Topic: Applied Part 7. Specification CI: Specification as an Executable Artifact
Difficulty level: Medium
Estimated study time: 4-6 hours (theory + practice with runnable examples)
Prerequisites: Basic understanding of Git and GitHub Actions
Experience working with Markdown requirement documents (requirements.md, plan.md)
Familiarity with JSON Schema
Completion of Part 9 of Volume 1 (fact validation) and Part 16 (team review)

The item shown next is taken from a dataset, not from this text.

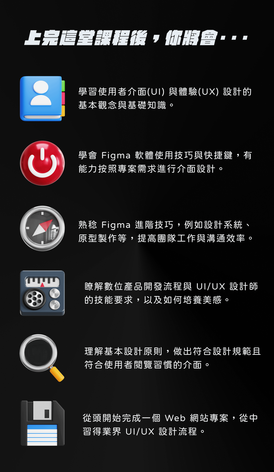 - 學習使用者介面(UI) 與體驗(UX) 設計的基本觀念與基礎知識。

Basic Python for running validation scripts
Learning objectives: Configure a local specification gateway (Spec CI) that blocks merge on coverage, scope, or schema violations
Build a reproducible requirements → plan traceability graph with REQ-* identifiers and the implements field
Formulate CI diagnostic messages containing file, line, rule identifier, and specific fix action
Integrate spec_gate into GitHub branch protection so that green unit tests cannot bypass semantic verification
Create negative fixtures for JSON Schema and explain why their predictable failure protects the contract
Overview: This chapter transforms the specification from static text into an executable arbiter of the repository. The Specification Gateway (Spec CI) is a GitHub Actions pipeline that on every push and pull_request checks three layers: requirement-to-plan coverage, plan-to-domain-model scope, and data example correctness (schema). Key principle: any dispute about specification quality reduces to a specific line, rule, and action. The team gets a reproducible blocking mechanism, and the reviewer checks the meaning of a change rather than investigating CI logs. The chapter starts with a local runnable example on incident payload, then scales to a production pipeline with branch protection.

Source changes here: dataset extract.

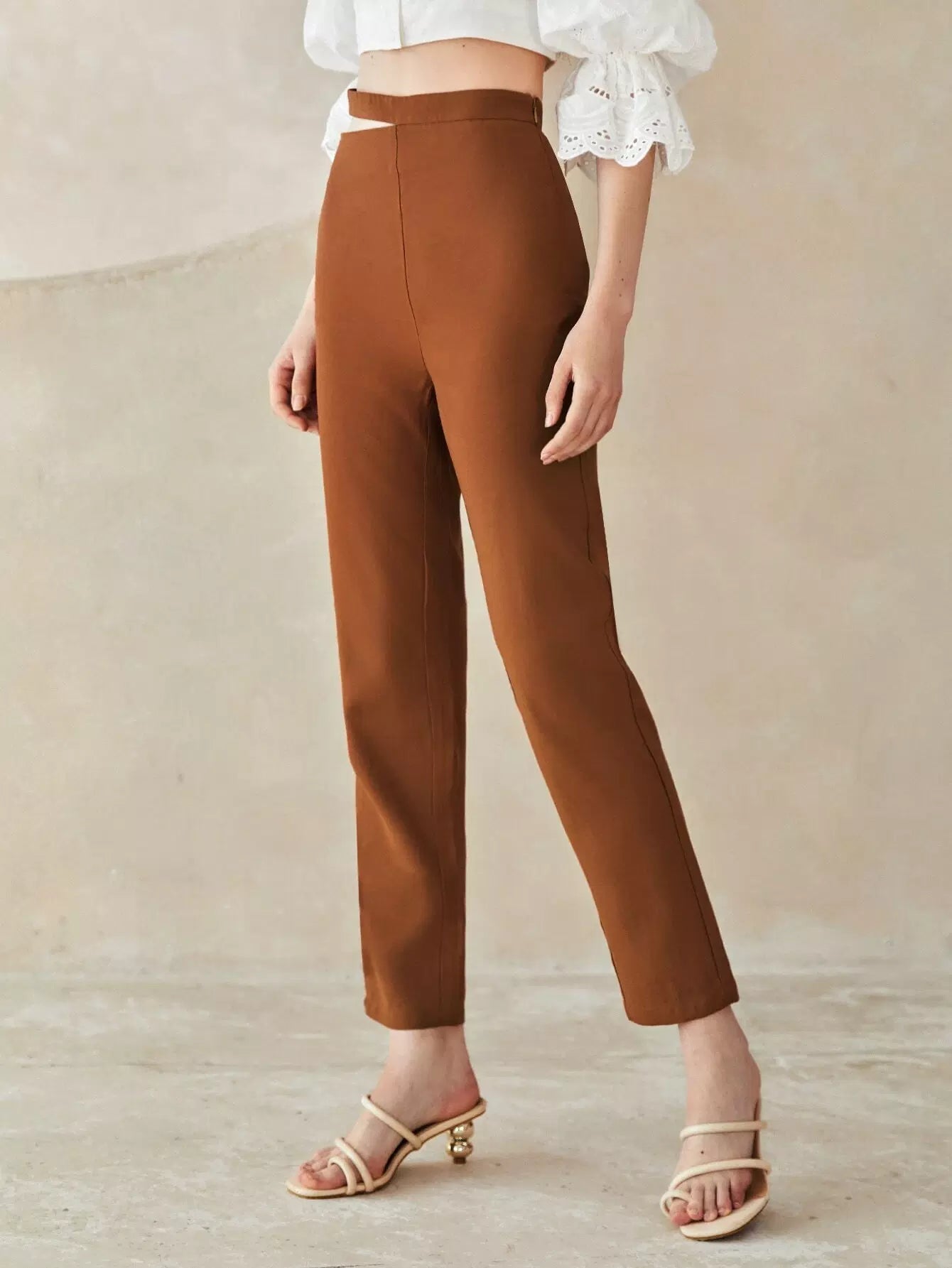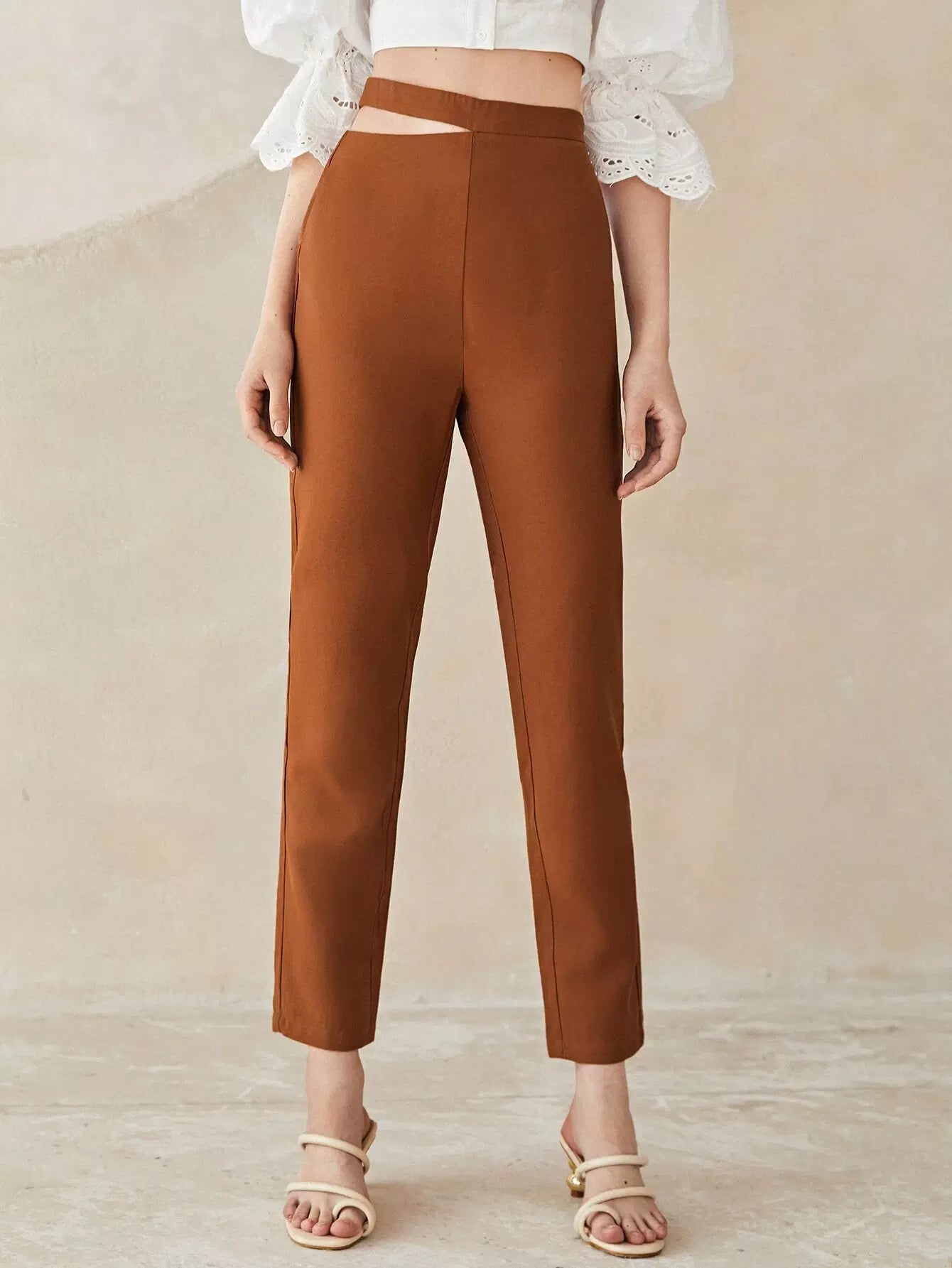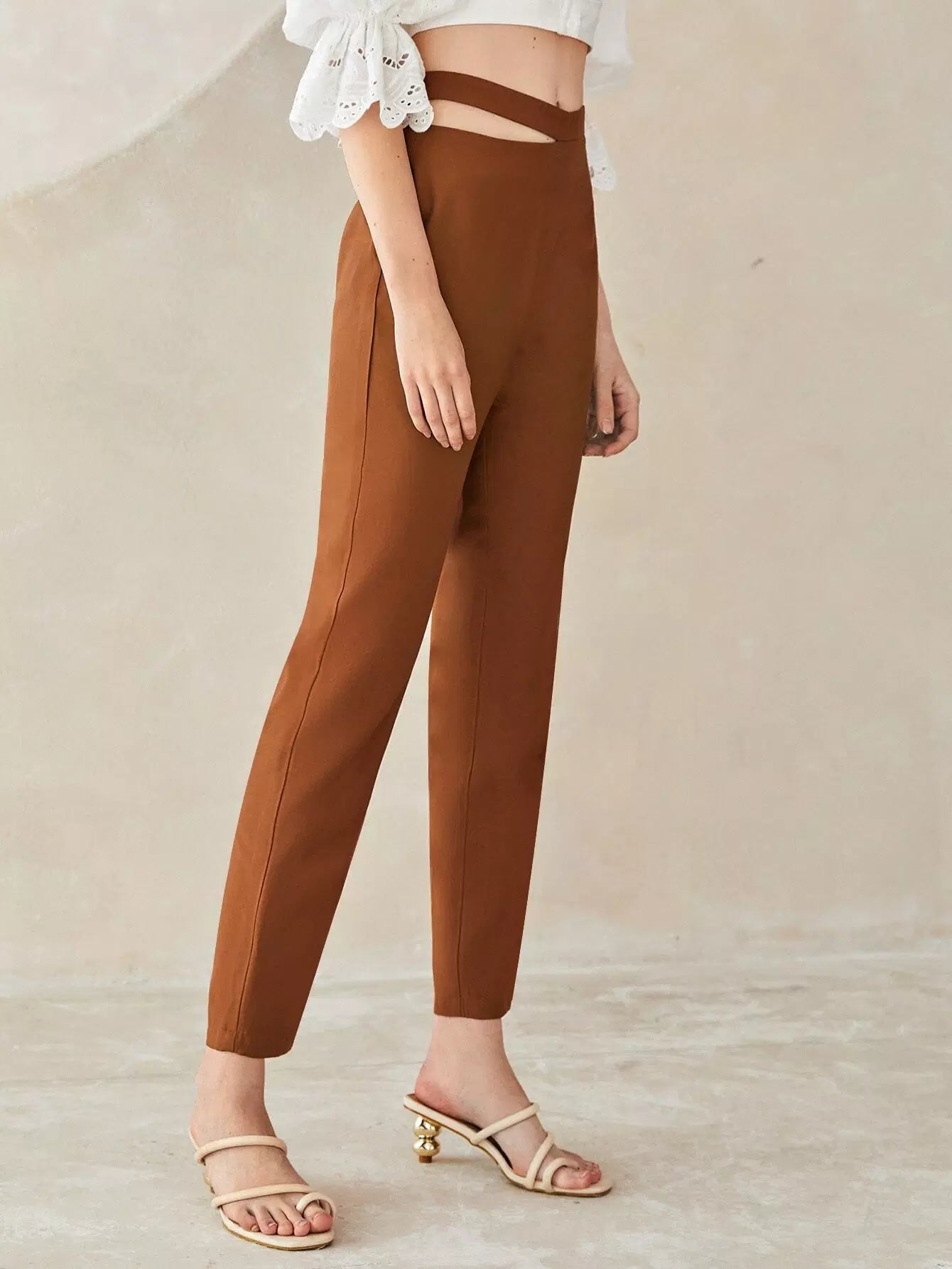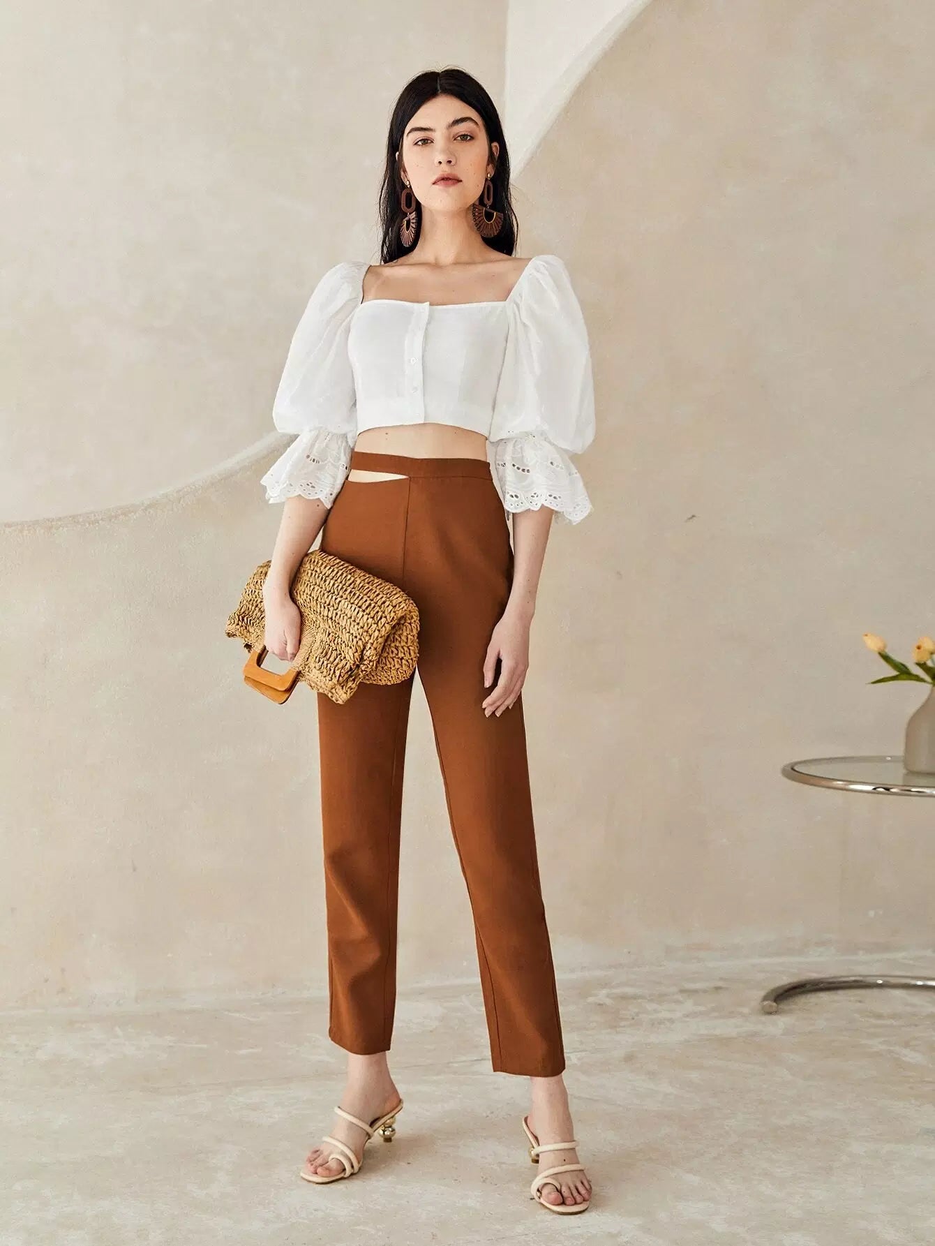 بنطلون سادة بفتحة على الخصر بأزرار مقصوصة

Key concepts: Spec ci (specification gateway): A continuous integration pipeline that checks requirements.md, plan.md, validation.md, and API contracts as executable artifacts. Blocks merge on three violation classes: unfulfilled requirements, out-of-scope actions, JSON Schema errors. The main term for the first pass; other terms are introduced as they appear in scripts.
Gate (gateway): A mandatory CI check that must pass for merge to be possible. Unlike ordinary tests, spec_gate checks semantic integrity, not just code correctness. Must be marked as required in branch protection settings.

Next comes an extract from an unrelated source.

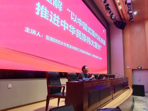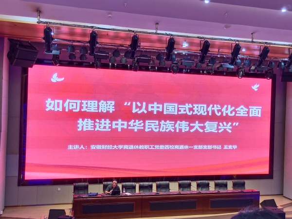 为进一步深化主题教育,强化党员示范引领作用,6月29日上午,龙湖西校区离退休一支部、四支部组织党员赴蚌埠城投康养中心开展党建共建活动,该活动主要分为支部书记讲党课和观看红色电影两个部分,我校和蚌埠城投康养中心共40余名党员参加。 在影音室,我校离退休第一党支部书记王支华作题为“如何理解‘以中国式现代化全面推进中华民族伟大复兴’”主题教育专题党课。王支华从“中国式现代化提出的时代背景”“深刻把握中国式现代化的中国特色”“牢牢把握中国式现代化的本质要求”三个方面对“中国式现代化”进行深入的阐述。他强调,只有矢志不渝沿着中国式现代化这条强国建设、民族复兴的正确道路奋勇前进,才能在实现中华民族伟大复兴征程上创造新的伟大奇迹。最后,王支华号召老党员们要与党中央和各级党委保持高度一致,认真学习贯彻习近平新时代中国特色社会主义思想,深刻领悟“两个确立”的决定性意义,不断增强“四个意识”、坚定“四个自信”、做到“两个维护”,在身体条件允许的前提下,努力在家风建设和下一代思想政治等方面老有作为,充分发挥正能量引领作用,以实际行动促进中国式现代化朝着正确方向稳步推进。 党课结束后,老党员们集体观看红色影片《望道》,该电影以《共产党宣言》中文全译本翻译陈望道为叙事核心,用生动的镜头语言,向观众展示了觉醒年代一批先进知识分子坚守真理与信仰,舍生忘死的热血故事。观影的老党员们深受鼓舞,备受感动。 此次党建共建活动是我校离退休党支部学习贯彻习近平新时代中国特色社会主义思想主题教育的有益尝试,加强了老党员们的交流合作,激发了离退休党建工作活力,下一步,离退休教职工党委将继续严格落实学习贯彻习近平新时代中国特色社会主义思想主题教育各项工作要求,不断创新支部活动方式,积极引领离退休老同志听党话、跟党走,为学校高质量发展贡献余热力量。(撰稿:离退休工作处纪然;审核:离退休工作处张金梅)

Coverage-check (coverage verification): Building a requirements → plan traceability graph through stable REQ-* identifiers and the implements field. Every user story must have an implementing task, every task must have a back-reference. Errors: orphan requirement (requirement without a task) and rogue task (task without a requirement).
Scope-check (scope verification): A detector for domain model boundary violations. Checks that actions in plan.md are permitted in the incident-response domain: acknowledge, escalate, annotate, rollback, notify_on_call. Considers actor, endpoint, and trigger condition. Blocks autonomous operations like force_resolve_without_operator.
Schema-check (schema verification): Validation of JSON fixtures from validation.md against JSON Schema. Two directions: valid examples pass, negative ones fail predictably. If a negative fixture passes — the schema is too permissive.
Fixture (fixture): An input data example extracted from validation.md for contract verification. Valid fixtures confirm correct operation, negative ones protect against schema regressions.
Spec gate (final ci job): The concluding job in a workflow that requires successful completion of coverage, scope, and schema. This specific job must be marked as required in branch protection; otherwise, green unit tests will bypass semantic verification.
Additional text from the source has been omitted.